Мы в конце сентября. Лето было необыкновенно знойно и сухо, и теперь еще продолжается жара. К тому же присоединяются огромные пожары в окрестностях. Что должен делать аттелаб во время такого бедствия? В моих приборах он благоденствует, так как я поддерживаю в размягченном виде его пищу; но что должен делать бедняга под своим дубом, на раскаленной земле, между кустарниками, на которых листья свернулись, как от дыхания печи. Пойдем и посмотрим.

Под дубами, на которых он работал в июне, мне удается найти с дюжину маленьких бочоночков. Они так скоро высохли, что сохранили свой зеленый цвет. Они ломаются и рассыпаются в порошок от давления пальцев. Я вскрываю один бочоночек. В середине находится личинка, но какая малюсенькая, почти такая, какая была, когда только что вышла из яйца! Жива или мертва эта желтенькая точка? Неподвижность как бы говорит за смерть, а не поблекшая окраска—за жизнь. Я вскрываю второй, третий бочоночек и всегда в середке нахожу такую же неподвижную крошечную личинку. Остальные бочоночки сохраним целыми для опыта, который мне приходит в голову.

Мертвы ли эти личинки? Нет, потому что они вздрагивают, когда я колю их иголкой. Их состояние есть остановка в развитии. Пока бочоночек висел на дереве и получал немного соку, они имели пищу; когда же он упал и засох, тогда личинка перестала есть и расти, и ждет в оцепенении, чтобы дождь размочил ее пищу.

Оставшиеся у меня засохшие бочоночки я опускаю на воду, где оставляю их, пока они напитаются как следует водой. Тогда я помещаю их в стеклянную трубку, с обоих концов заткнутую мокрой ватой, которая будет поддерживать влажность внутри. Заснувшие просыпаются, поедают внутренность размягченного бочоночка и так хорошо вознаграждают потерянное время, что немного недели спустя достигают такой же величины, как личинки, рост которых ничем не был остановлен.

Эта способность приостанавливать жизнь на долгие месяцы, когда нет подходящей пищи, не встречается у других свертывателей листьев. Если держать сухими свертки из виноградных листьев, то через три месяца после вылупления, в конце августа, не будет ни одного живого насекомого в свертках.
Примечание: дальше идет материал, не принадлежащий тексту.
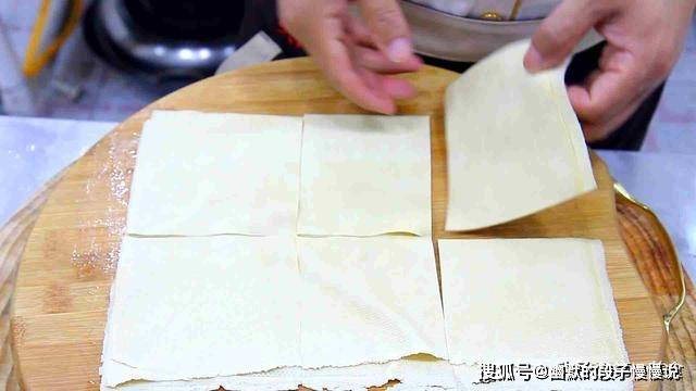3.锅里烧水,水开以后倒入千张,把千张焯水1分钟捞出晾凉以后,切成方形块备用。

В сухих трубочках из тополевых листьев смертность еще быстрее. Что касается свертков из ольхи, то, по недостатку материала, я не мог проследить выносливость их обитателей.

Из четырех свертывателей листьев сухость особенно грозна для дубового аттелаба. Его бочоночек падает и лежит на сухой почве в ту пору, когда не бывает дождей. Сверх того, его бочоночек, как очень маленький, скорее высыхает. Почва виноградников также суха, но под кустами есть тень, а большая и толстая сигара виноградного долгоносика дольше сохраняет влажность внутри. Но в отношении способности продолжительного голодания виноградный трубковерт не может выдержать сравнения с аттелабом, а еще менее выдерживает это сравнение трубковерт тополевый. Этому последнему - сухость почти никогда не угрожает, несмотря на малую величину его кокона. Кокон его падает обыкновенно на влажную луговую почву. Ольховый долгоносик также не страдает от сухости: его дерево растет возле рек, и упавший кокон его находит на земле достаточно влажности. Но когда он работает на орешнике, то я не знаю, как он выпутывается из затруднений.

Мы знаем, что коловратки способны совершенно высохнуть и оставаться недеятельными в течение сухого времени года, а потом, в капле воды, вновь оживают и двигаются. Вот точно так же и личинка аттелаба лежит, как мертвая, в течение четырех и пяти месяцев, а потом, когда ее пища смочена, оживает и ест. Что же это за жизнь, способная к таким перерывам?